As everyone knows, we live in the age of mediated atrocity. Every day, in all the lurid media of modern life we grow ever more piteously accustomed to the sad arrangements, the crowds of the displaced and the dead. In the age of The Image, we need an ethics of The Image. But we don’t have an ethics of The Image. We’re not even close. We have the aesthetics, of course, but not the ethics, not yet.

Tim Crouch, like all of us, has grown up in the age of mediated atrocity. Unlike all of us, he is also a mediator of atrocity and is one of his generation’s finest. The Author, which was performed (in lieu of an more fitting word) on Thursday of 4th Week at the Michael Pilch Studio by a cast of immensely talented actors, is Crouch’s take on the ethics of The Image and of mediated atrocity. Like any work where the essential concern is ethics, it is at times heavy-handed, and only sometimes veers perilously close to the moral fable. But I have rarely seen (or read) a work that plays with these much played-with themes so intelligently and intriguingly.

The set-up is unconventional. Gone is the stage. Instead, we have four rows of audience, split down the centre, each half of two rows facing the other half. The actors – the roles – are positioned in the audience. One of the actors plays The Author, Tim Crouch. Two others, using their own names, play actors who’ve worked previously with Crouch in what emerges to have been an exceptionally harrowing play. The fourth is a theatre-goer, our closest point of reference as an audience. It is he who begins the show.

Each of the actors elaborates and comments upon the development, rehearsal and production of a play by Crouch. We learn, as their accounts turn darker, that the perverse process of this play’s production becomes abusive and exploitative. At one dreadful point, Crouch practically forces one of his actors – with the complicity of us, the audience – to play the part of a sexually abused woman whom they’ve interviewed as preparation. We are goaded on to probe a little deeper, to ask her questions. Some do. We learn also that the cast went to “The War” and witnessed “The Massacres” (always these monstrous generics) for the betterment of their art.
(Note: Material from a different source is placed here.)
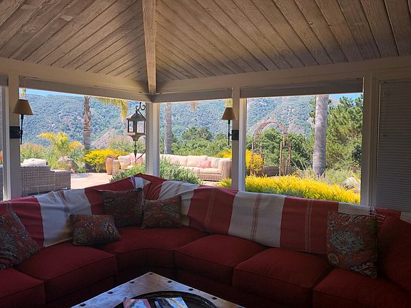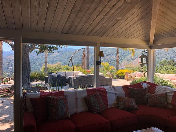 For Essential commercial use, long term rental or shelter in place only during COVID-19 Luxevaca com In the hills above Carmel Valley Village, a wine lovers destination, Carmel Valley Top of the Hill is a 2.5 acre treasure surrounded by palm trees and 280 degree views. The adobe Top of the Hill has charm, character and history, has been restored to its original Spanish style and is filled with treasures from Mexico, Spain and South America. Carmel Valley Top of the Hill is five minutes to fine dining and wine tasting in Carmel Valley Village and 20 minutes to Carmel by the Sea destinations including beaches, shopping and restaurants and numerous golf courses in Pebble Beach. Garland Ranch and numerous other hiking trails are just minutes away. Enjoy the views from the hot tub which overlooks nearby hills, play bocce ball on the court, make smores over the large outdoor fire pit, while enjoying the views of the Santa Lucia hills from every direction. The top of the Hill has 4 guest rooms with one California King bed, three Queen beds. Two bedrooms have TVs. There are three bathrooms in the house, including the master en suite bathroom with large shower and separate tub. The large, custom master bathroom has french doors that open up to the courtyard and back yard. The Top of the Hill home has a fully-equipped kitchen located next to a dining room which is surrounded by windows overlooking the valley. The dining room can comfortably seat up to 12 people. The large family room has a TV, DVR, books and games with a game table that seats 8. There's a laundry room with washer and dryer. Multiple flagstone patios wrap around the Top of the Hill. Relax in the outdoor day bed or sit at one of the three outdoor tables. The Top of the Hill is located at the end of a quiet lane that climbs to the top of a hill, giving guests endless views of the hills. Plenty of parking is found inside the private, gated property. The property is pet friendly. There is an additional fee for pets outdoor tables. The Top of the Hill is located at the end of a quiet lane that climbs to the top of a hill, giving guests endless views of the hills. Plenty of parking is found inside the private, gated property. The property is pet friendly. There is an additional fee for pets. For Essential commercial use, long term rental or shelter in place only during COVID-19. Fully Furnished Utilities included

How do we explore the relationship and co-dependency of suffering? What are the ethics of the exploitation of real human pain for artistic gain? And, in the midst of all this, how can we jusify the complicity of an audience hungry for more as we face each other and listen to these horrors? These are old and serious questions, but they are rarely posed as intelligently and disturbingly as Crouch has done here.